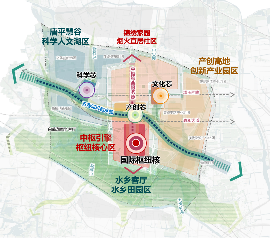 《城市设计》重点聚焦3.8平方公里的核心区,强化“高效可达、站城一体、功能协同、蓝绿为脉”的理念,形成“一核三芯、双脉涟洲、五片共耀”的空间结构,打造集长三角中轴枢纽、锡西服贸平台和芙蓉湖水乡客厅为一体的枢纽引擎典范。
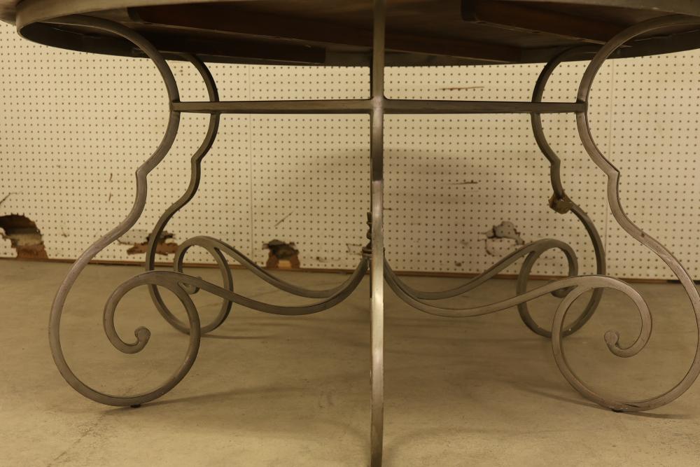 Harden Round Dining Table with Metal Legs. Features wooden finish and metal frame and legs. Hardware is included and attached to the legs. Table measures approximately 30 inches high with a 60 inch diameter. Pickup only.
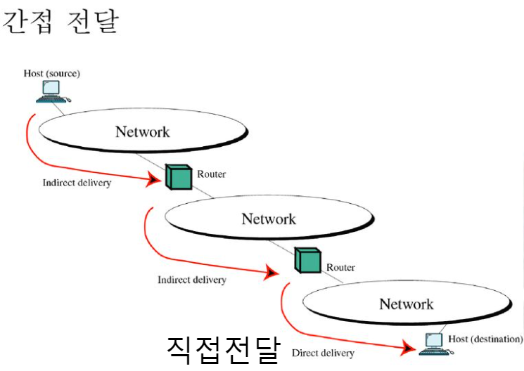 간접전달은 목적지 호스트가 전달자와 같은 네트워크에 있지 않으면 패킷은 간접적으로 전달된다.
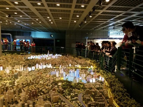 在三楼展览大厅中,学员们沿着巨大的上海市内环线以内城市建设模型地图,了解了从徐汇区到黄埔、从浦东到浦西等上海市各个地区的发展现状以及未来的相关规划。在三楼环绕投影厅中,学员们通过影片进一步观赏了上海市的城市现状 ,既增长了对于上海市城市建设现状的了解,又对于上海市的未来有了新的认识。在二楼展厅中,学员们了解了从古代到近代,从英殖民时期的东印度公司风格建筑到改革开放后保留的万国建筑群、十里洋场等上海市外滩附近区域的发展历程。
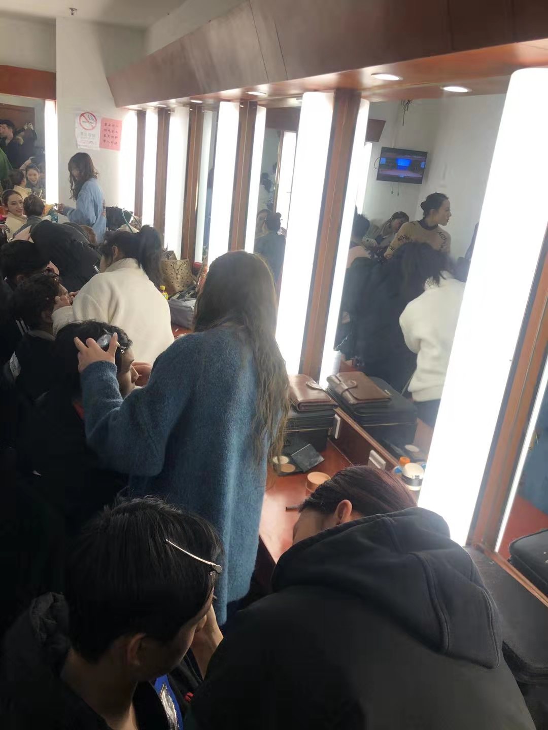 本次化妆和服装道具人员也一刻没闲着,13号就和演员一同去了杭州剧院,为演员彩排化妆,一直到剧院关门。演出当天早上8点半就出发,中午1点开始化妆,直到6点完成220多个演员的化妆,最后手都软了。在演出过程中,由于很多演员在多个节目有表演,所以后台一直处于抢妆状态,换相应的发饰和服装,等演完,大家才松了口气。
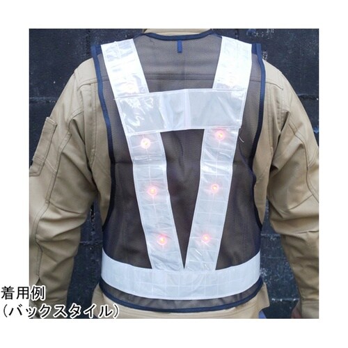 反射テープでしっかり反射、メッシュ素材で軽くて作業性UP。マジックテープで着脱、調整簡単。会社名、血液型タグ付き。 |
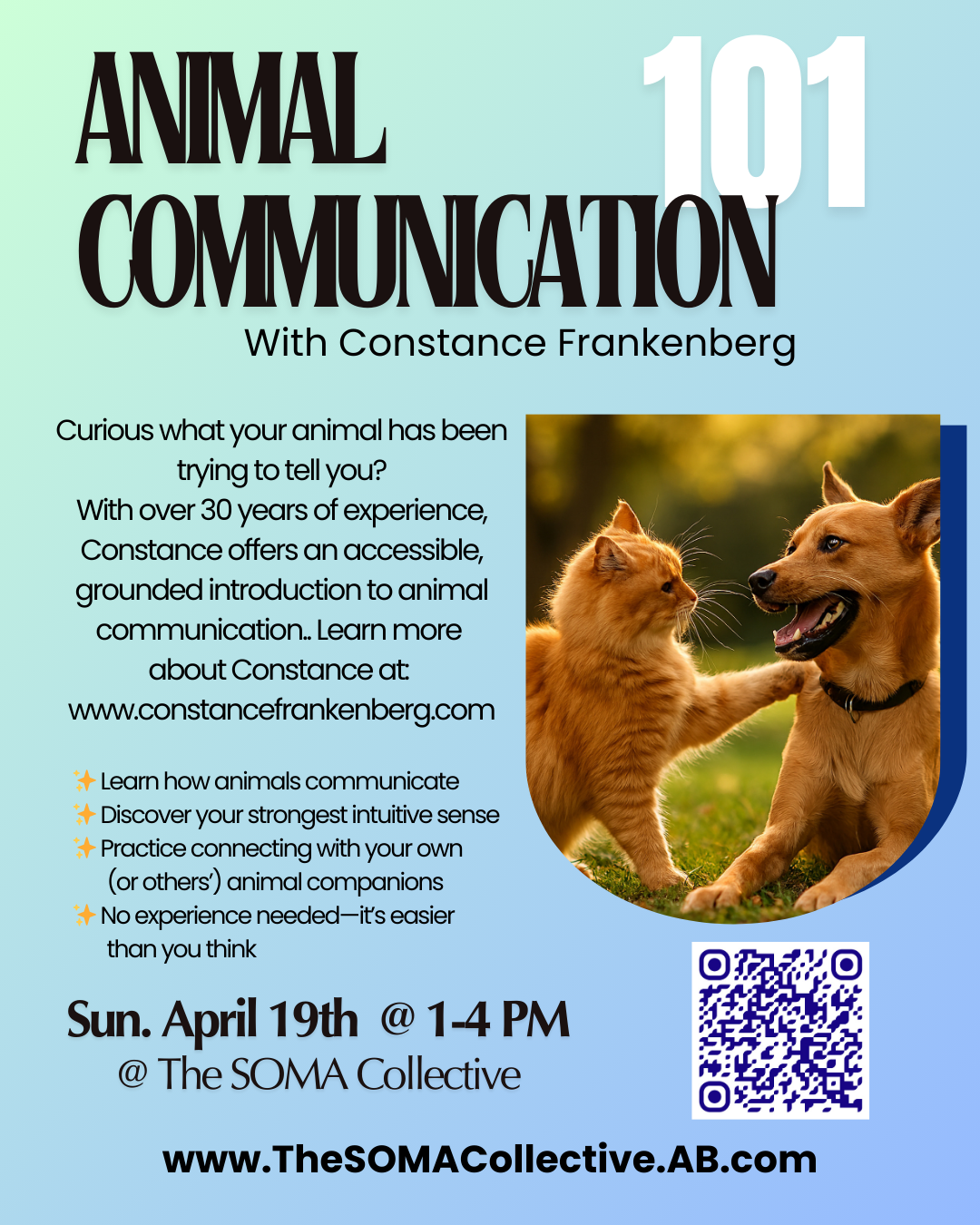 With over 30 years of professional experience, Constance Frankenberg offers a grounded, supportive introduction to animal communication. In this experiential workshop, you’ll learn how intuitive communication works, discover your strongest intuitive sense, and practice connecting with animals in a clear, confident way.
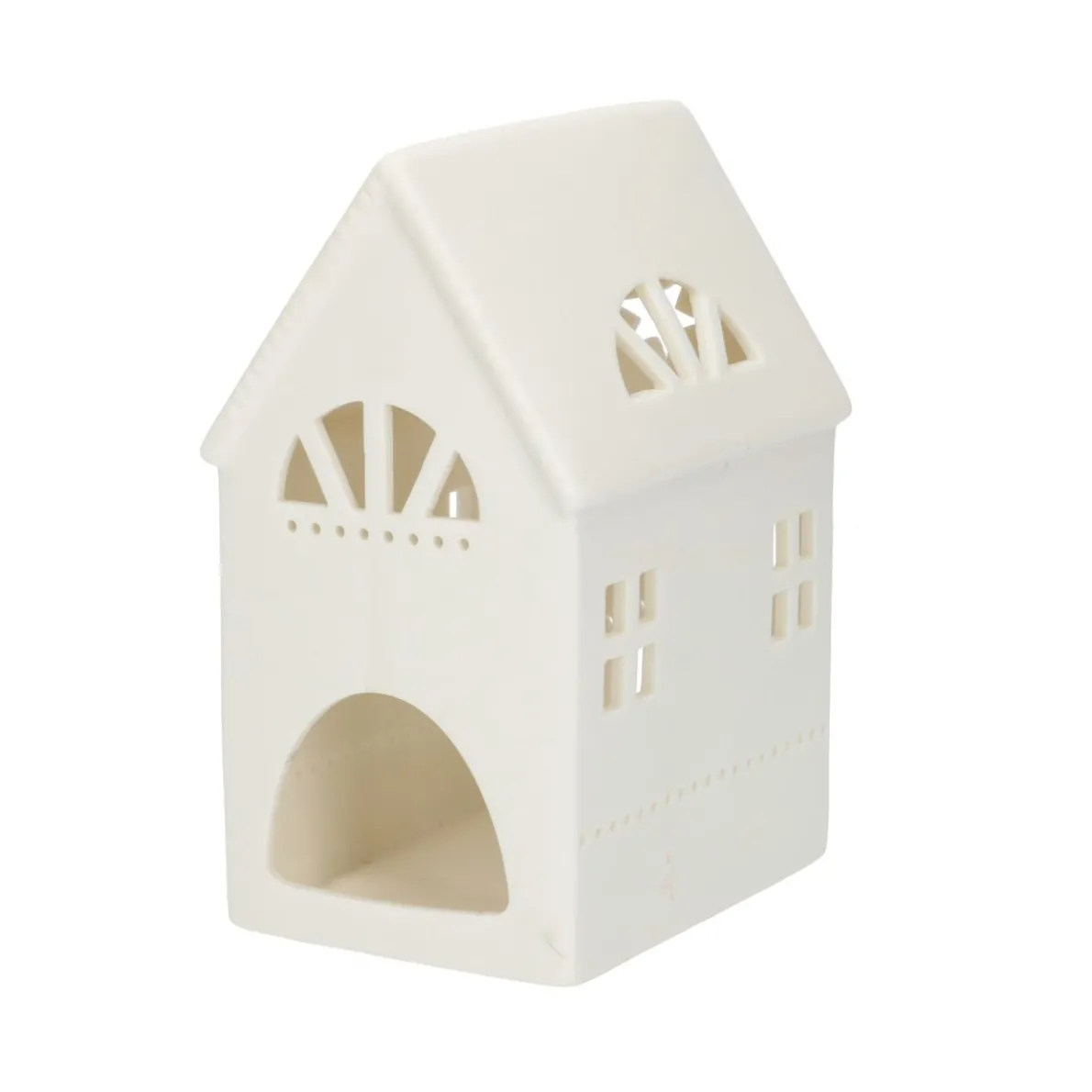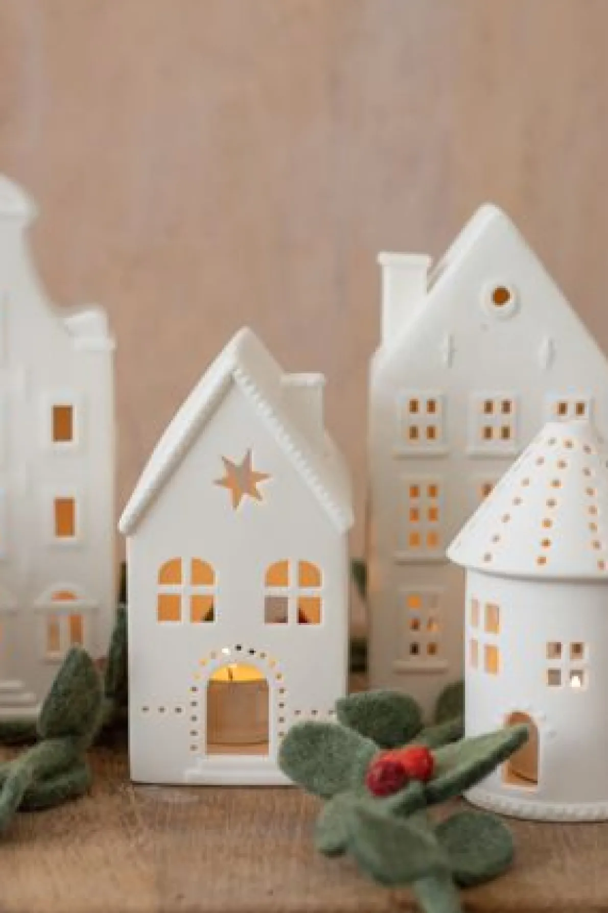 Geef je kaarsen een mooi plekje in deze waxinelichthouder in de vorm van een huisje met een ster bovenin. Het huisje is gemaakt van wit porselein met een matte finish. Voor sfeervolle avonden in de winterse dagen en rondom Kerst!

■ ■ ■

» **WHAT TO WORK ON**
Leave out the pictures and repeat the lines from the start of the material through the line with "간접전달은 목적지 호스트가", inclusive.

» **TASK RESULT**
 《城市设计》重点聚焦3.8平方公里的核心区,强化“高效可达、站城一体、功能协同、蓝绿为脉”的理念,形成“一核三芯、双脉涟洲、五片共耀”的空间结构,打造集长三角中轴枢纽、锡西服贸平台和芙蓉湖水乡客厅为一体的枢纽引擎典范。
 Harden Round Dining Table with Metal Legs. Features wooden finish and metal frame and legs. Hardware is included and attached to the legs. Table measures approximately 30 inches high with a 60 inch diameter. Pickup only.
 간접전달은 목적지 호스트가 전달자와 같은 네트워크에 있지 않으면 패킷은 간접적으로 전달된다.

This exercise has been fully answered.